Our view: using AI to write a résumé should not, by itself, decide whether someone gets an interview. A résumé makes claims about experience. Your hiring process needs a fair way to examine the claims that matter for the job, regardless of who helped write the document.
Which claim would change your hiring decision if it turned out to be unsupported?
01 / Separate presentation from experience.
“Led a migration” can describe very different responsibilities. One person may have chosen the architecture; another may have tested a single service. Both can have useful experience. A fluent summary does not tell you which contribution the candidate made.
Choose a responsibility in the role and ask for a concrete account: the starting problem, the person’s own work, a decision they made, and how they checked the result. Ask the same core questions of candidates being considered for the same responsibility. Leave room to explain unfamiliar terminology or a different route into the work.
02 / A text detector cannot establish someone’s competence.
NIST’s 2024 GenAI pilot examined generated summaries and text detection, finding performance varied across systems. That study did not validate a résumé-screening test. Its results should not be presented as proof that a detector can identify an unqualified applicant.
Our recommendation is to assess the experience itself. If AI use matters to the role, discuss it directly: what did the person use it for, what did they check, and what decisions remained theirs? An authorship score does not answer those questions. A claim that cannot yet be checked should remain an open question, not become an invented negative finding.
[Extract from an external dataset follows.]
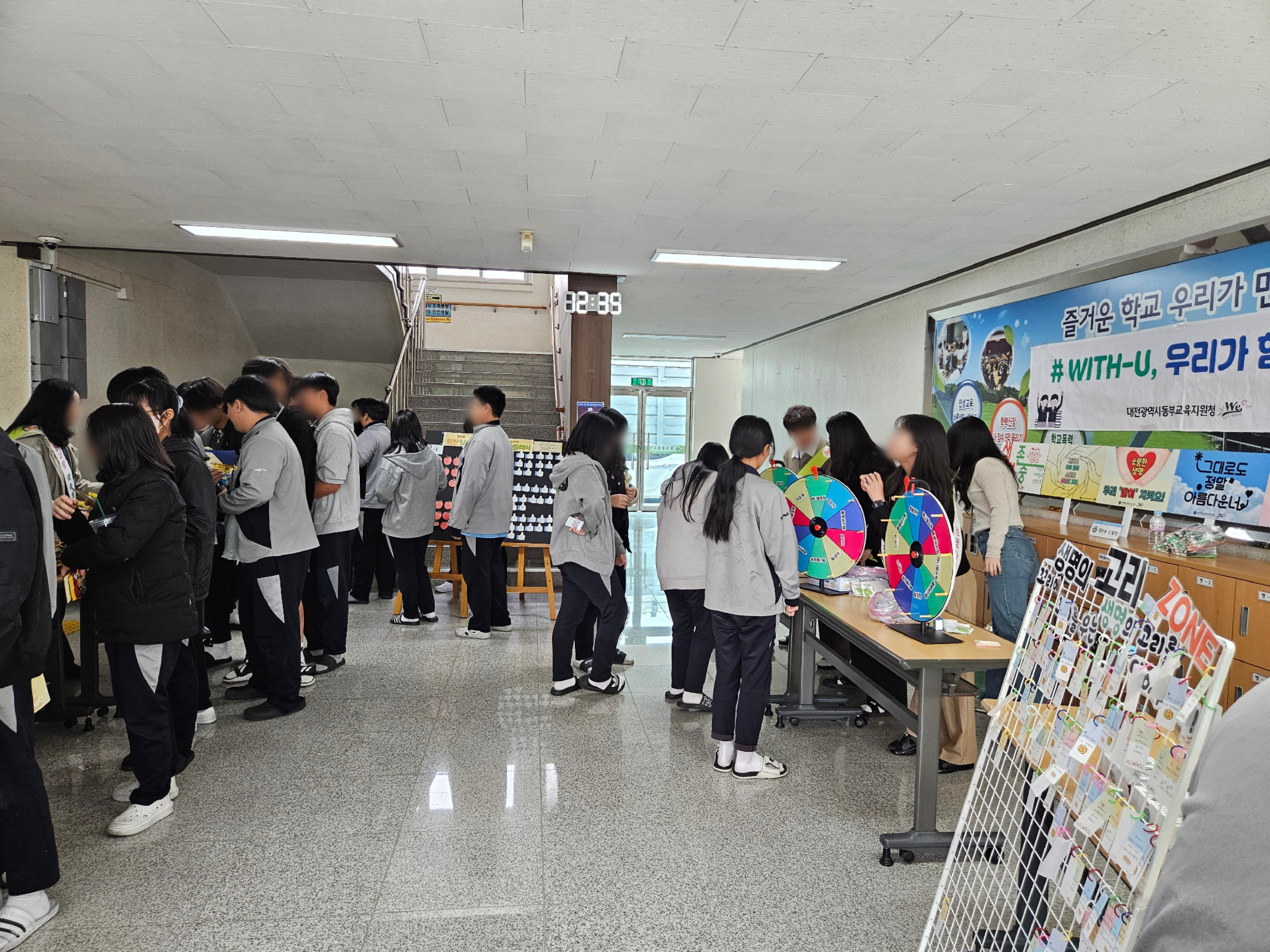 등굣길 캠페인에서는 학생들이 오늘의 기분을 스티커로 표현하고 룰렛 돌리기 활동을 통해 즐겁게 생명 존중의 의미를 되새길 수 있다.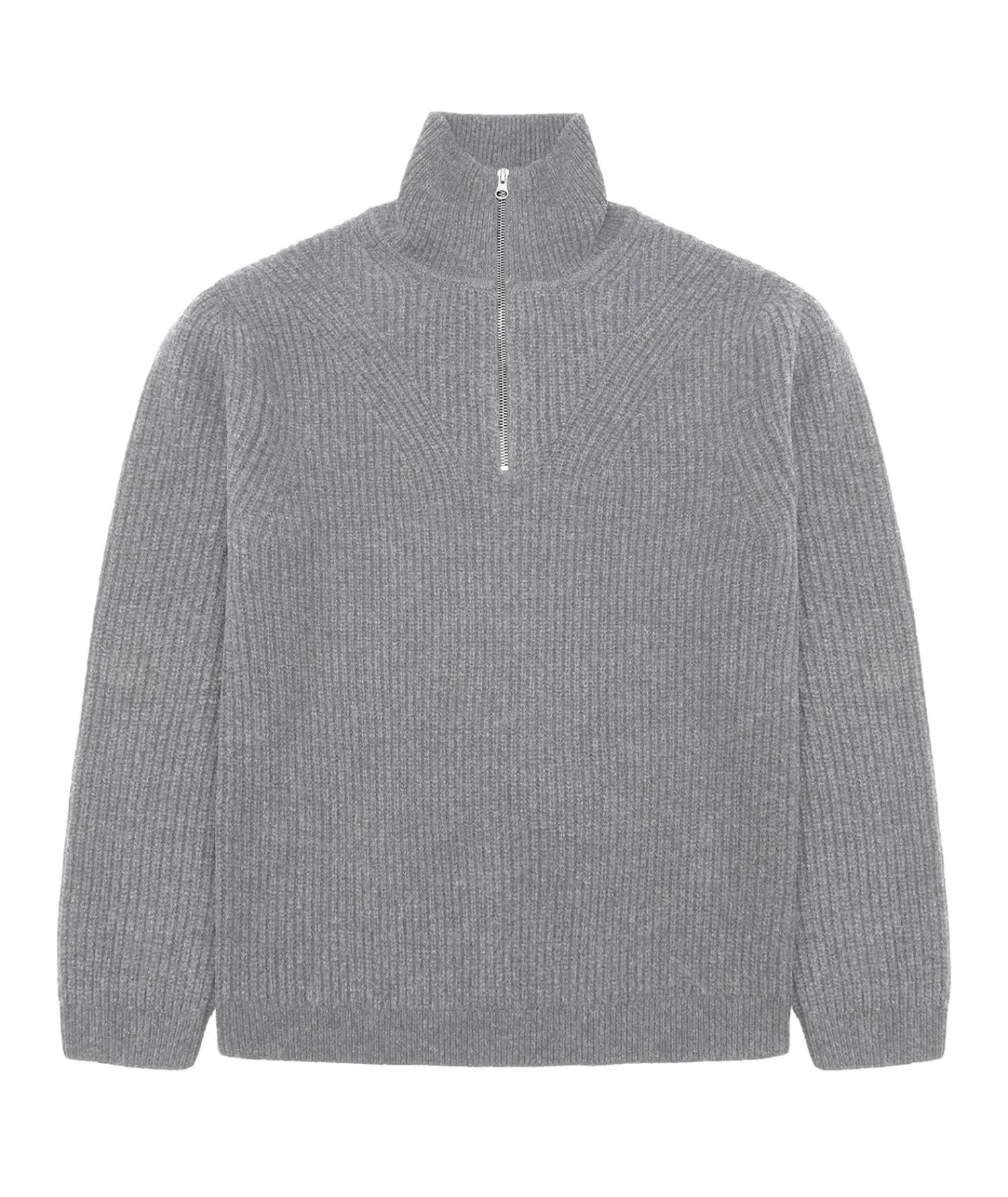 Halv-zip genser i ribbestrikket ullkvalitet.

NIST: text generation and detection evaluation (opens in a new tab)03 / Give reviewers evidence they can examine.
For each important claim, retain the source, the candidate’s explanation and the reviewer’s reasoning. A small, role-relevant exercise can add useful evidence when it has clear instructions and consistent assessment criteria. Avoid asking candidates to produce unpaid work for a live customer.
Distinguish what you observed from what you inferred. “Explained how they rolled back a release” is an observation. “Will own every production incident independently” is a much broader inference. Record the remaining question before the hiring team meets.
- Responsibility being assessed
- Claim and source
- Question or work sample
- Observed evidence
- Uncertainty and next question
04 / Make the hiring decision understandable.
An AI-assisted process can organize applications and prepare review material. The hiring team still needs to understand why someone advances. Measure whether reviewers receive useful evidence and whether the assessment relates to the work. Counting processed résumés alone misses that purpose.
Start with one role and a shared evidence brief. Compare how reviewers interpret it, resolve ambiguous criteria, and keep a route for candidates to clarify missing information. Improve the assessment before increasing the volume.
Review a résumé claim against the work
- Responsibility
- Maintain a customer-facing API.
- Claim
- Led a service migration.
- Question
- Which part did you own, what changed, and how did you verify it?
- Evidence to examine
- A clear account of a decision, a test and a response to an unexpected result.
- Unresolved
- Whether the person owned the release or contributed to one part; clarify before drawing a conclusion.